[[ SOURCE DATA, beginning ]]
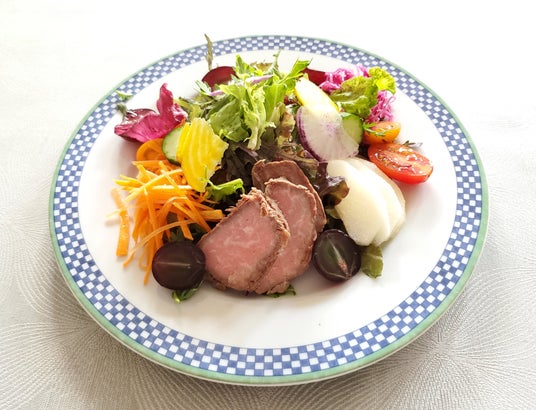 かずさ和牛の冷製、梨やぶどうなど千葉県の恵みあふれるカラフルなサラダ
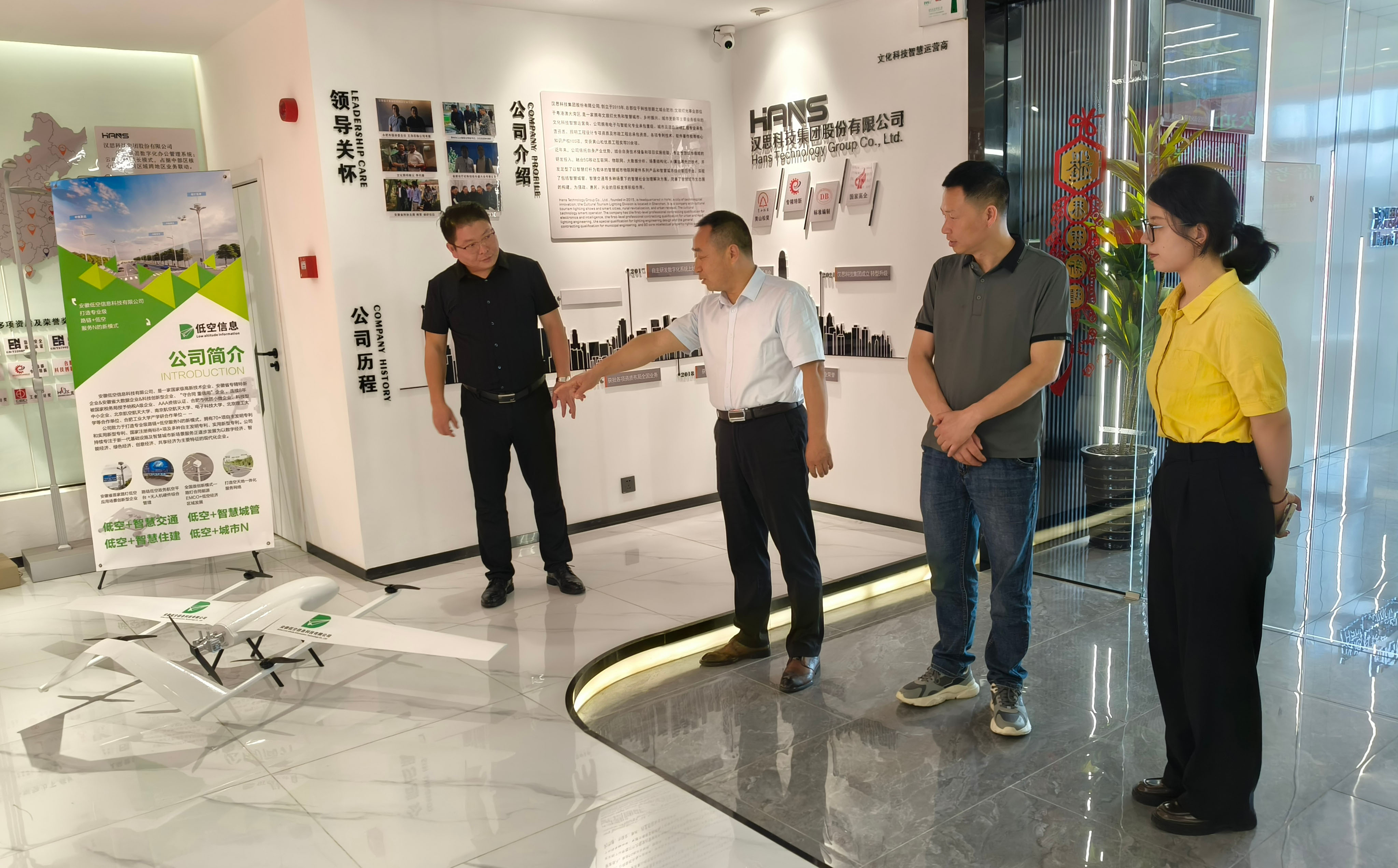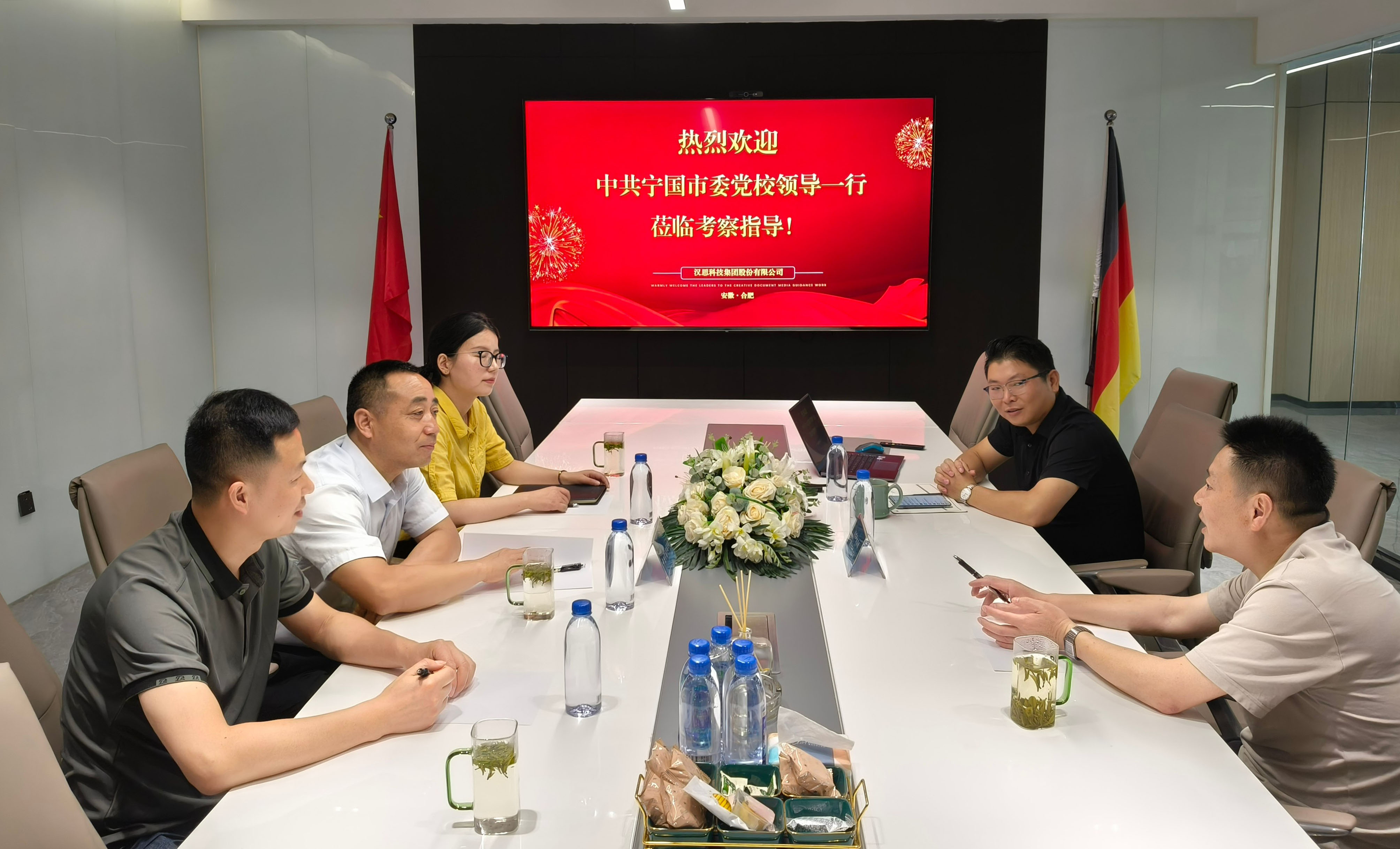 2025年5月22日,汉思科技集团股份有限公司(以下简称“汉思科技集团”)董事长、安徽低空信息科技有限公司总经理何庆亮先生与合肥市宁国商会秘书长辛卫兵先生,共同接待了中共宁国市委党校常务副校长杨德明先生、副校长王泽焕先生及副校长孙敏女士,并对他们的到来表示热烈欢迎。
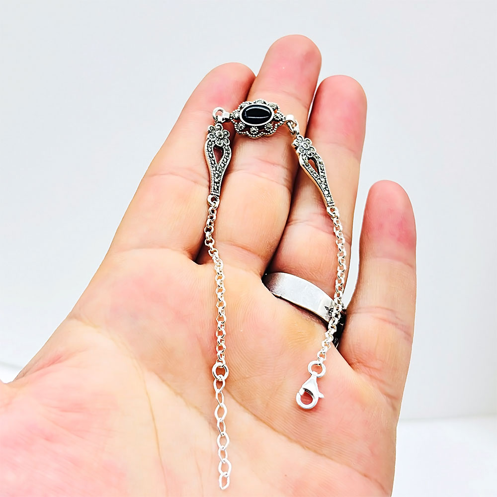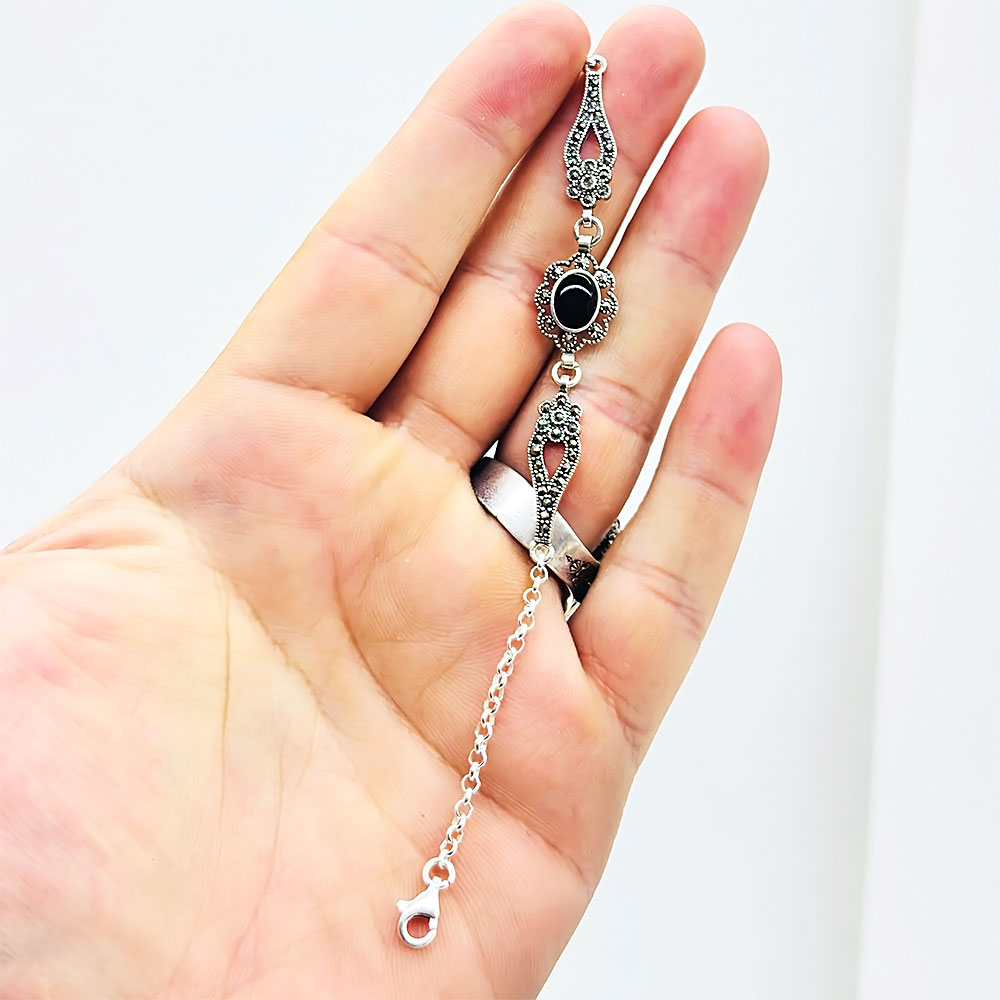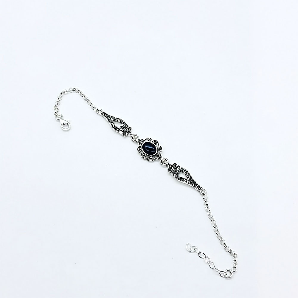 Zirkon ve Oltu Taşı İşçilikli 925 Ayar Gümüş Bileklik
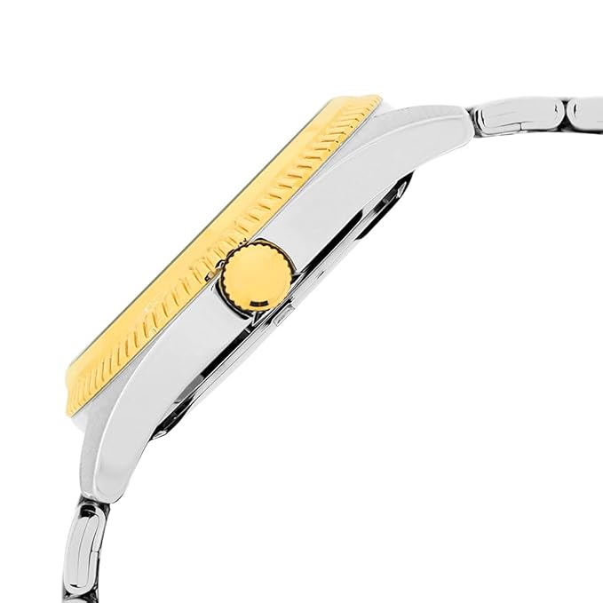 A must-have timepiece for all the watch aficionados, this men's analog watch watch from the heritage by ALBA will be a perfect pick. The gold round dial is protected by a mineral glass. The stainless steel strap comes in a two tone hue that further elevates the look of the timekeeper. Besides, it is completed with a fold-over clasp with double push button safety clasp to ensure a secure fit on the wrist.
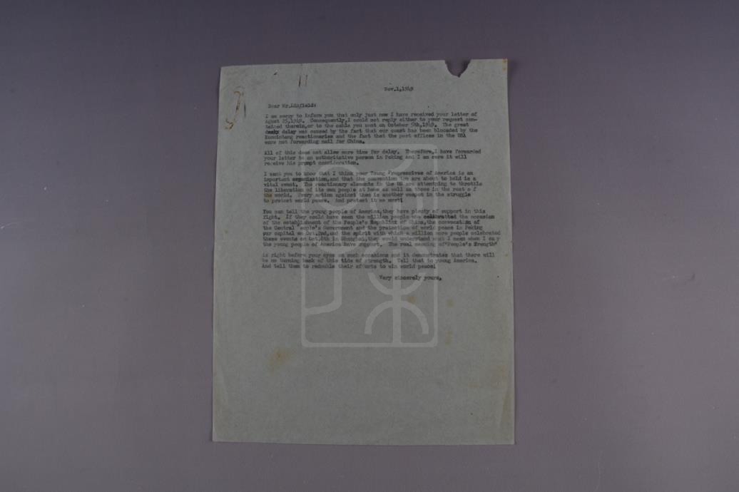 函谓:“刚刚才接到你1949年8月26日的来信,终于明白了我所收到的林菲尔德先生1949年10月5日的电报的意思。由于反动的、分崩离析的国民党的封锁,这封重要的信件被耽搁至今。但是请放心,我将立即采取措施把林菲尔德先生的请求转告有关方面。同时我也将写信把这个意思告诉他。
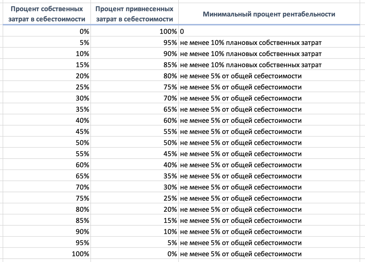 К счастью, в цитате выше помимо «не более» есть еще и «не менее». Чтобы понять, как правильно применить минимальный размер рентабельности мы должны взять нашу себестоимость и посчитать процент собственных затрат в ней. Для наглядности собрала все вам в таблицу.
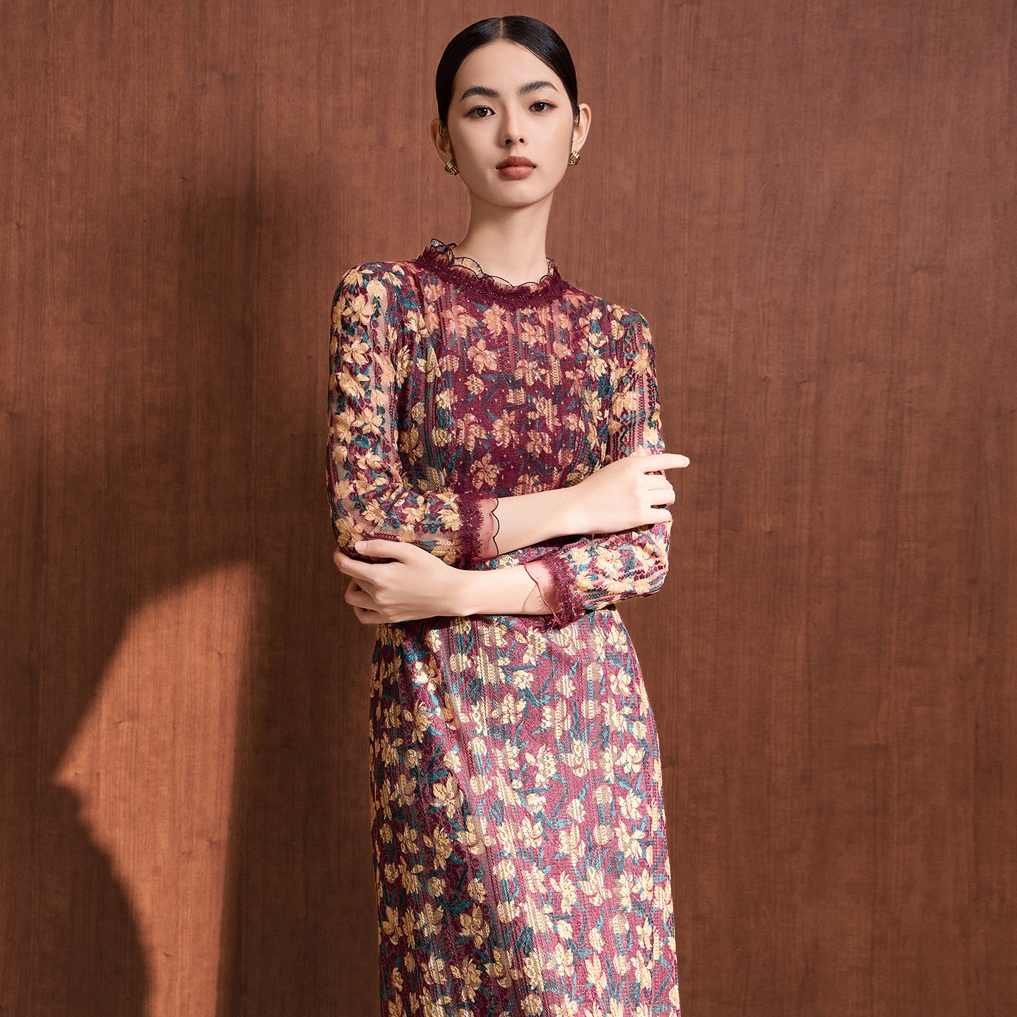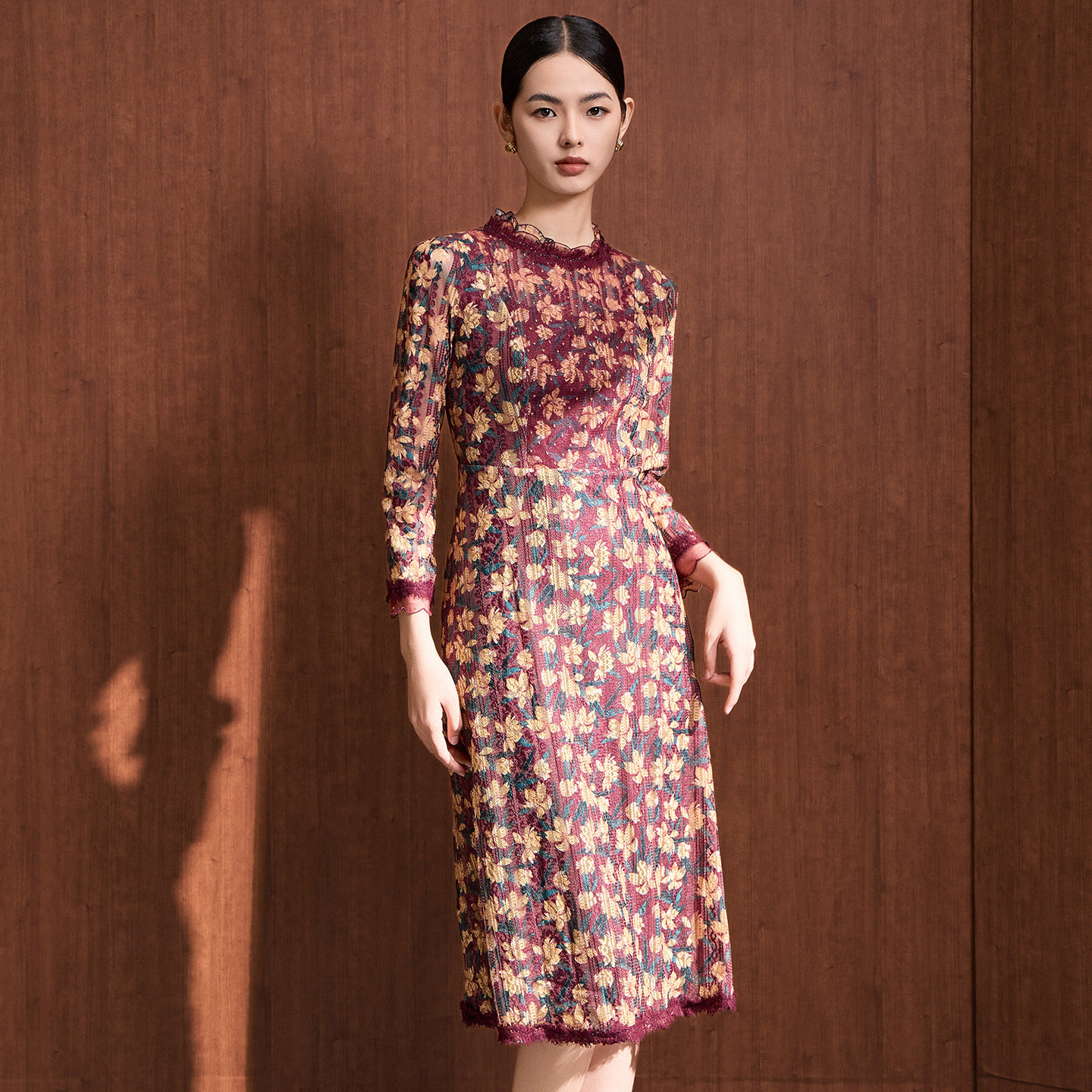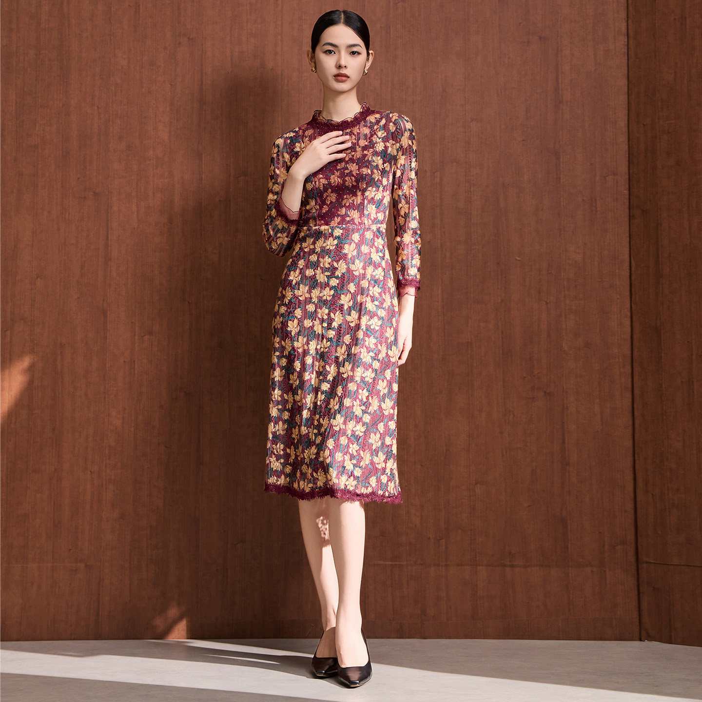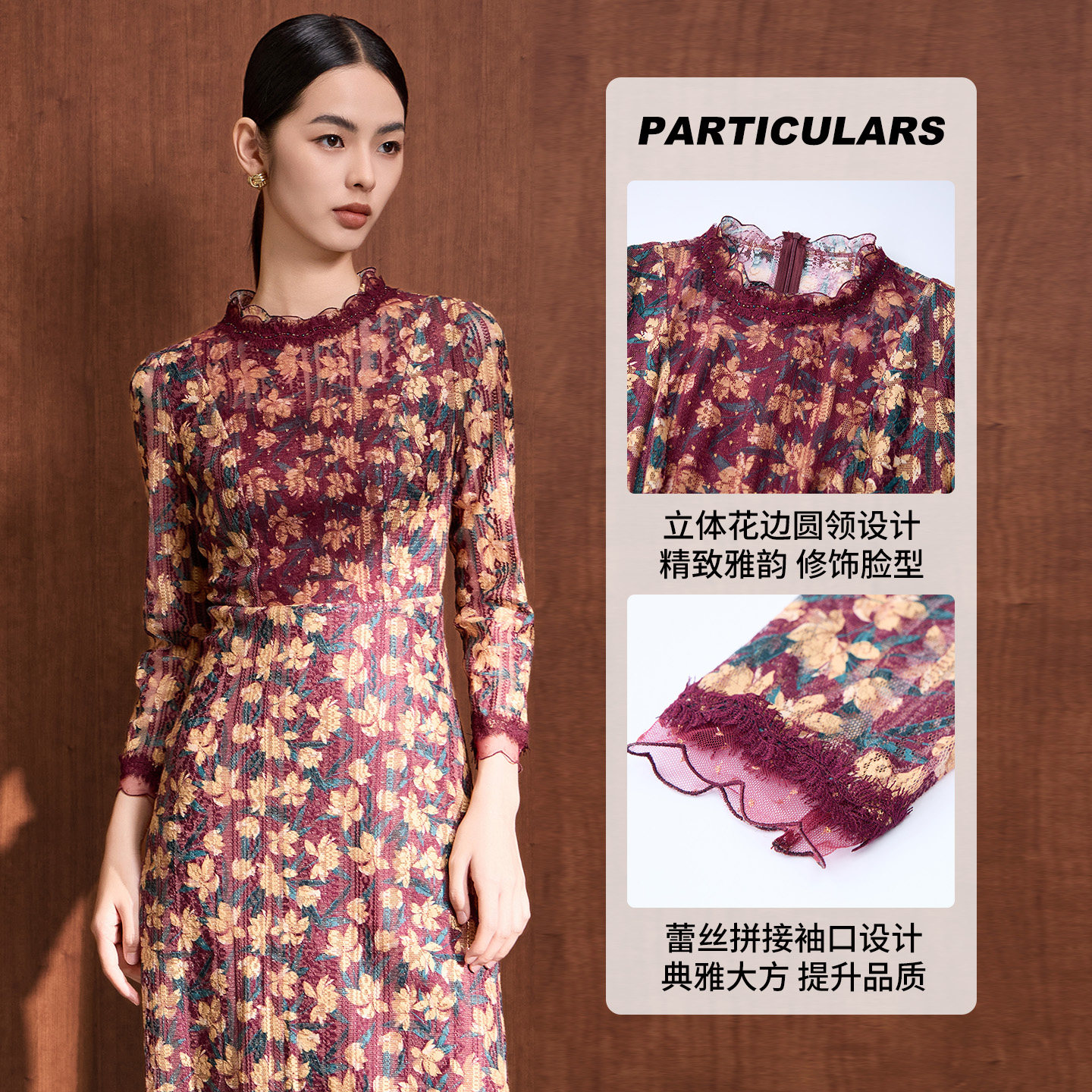 连衣裙子气质复古法式 马天奴秋冬女装 酒红印花蕾丝花边领收腰长袖
[[ SOURCE DATA, end ]]
Write out exactly the lines from the one containing "Zirkon ve Oltu" through the end of the records above, both included, leaving all pictures out.

 Zirkon ve Oltu Taşı İşçilikli 925 Ayar Gümüş Bileklik
 A must-have timepiece for all the watch aficionados, this men's analog watch watch from the heritage by ALBA will be a perfect pick. The gold round dial is protected by a mineral glass. The stainless steel strap comes in a two tone hue that further elevates the look of the timekeeper. Besides, it is completed with a fold-over clasp with double push button safety clasp to ensure a secure fit on the wrist.
 函谓:“刚刚才接到你1949年8月26日的来信,终于明白了我所收到的林菲尔德先生1949年10月5日的电报的意思。由于反动的、分崩离析的国民党的封锁,这封重要的信件被耽搁至今。但是请放心,我将立即采取措施把林菲尔德先生的请求转告有关方面。同时我也将写信把这个意思告诉他。
 К счастью, в цитате выше помимо «не более» есть еще и «не менее». Чтобы понять, как правильно применить минимальный размер рентабельности мы должны взять нашу себестоимость и посчитать процент собственных затрат в ней. Для наглядности собрала все вам в таблицу.
 连衣裙子气质复古法式 马天奴秋冬女装 酒红印花蕾丝花边领收腰长袖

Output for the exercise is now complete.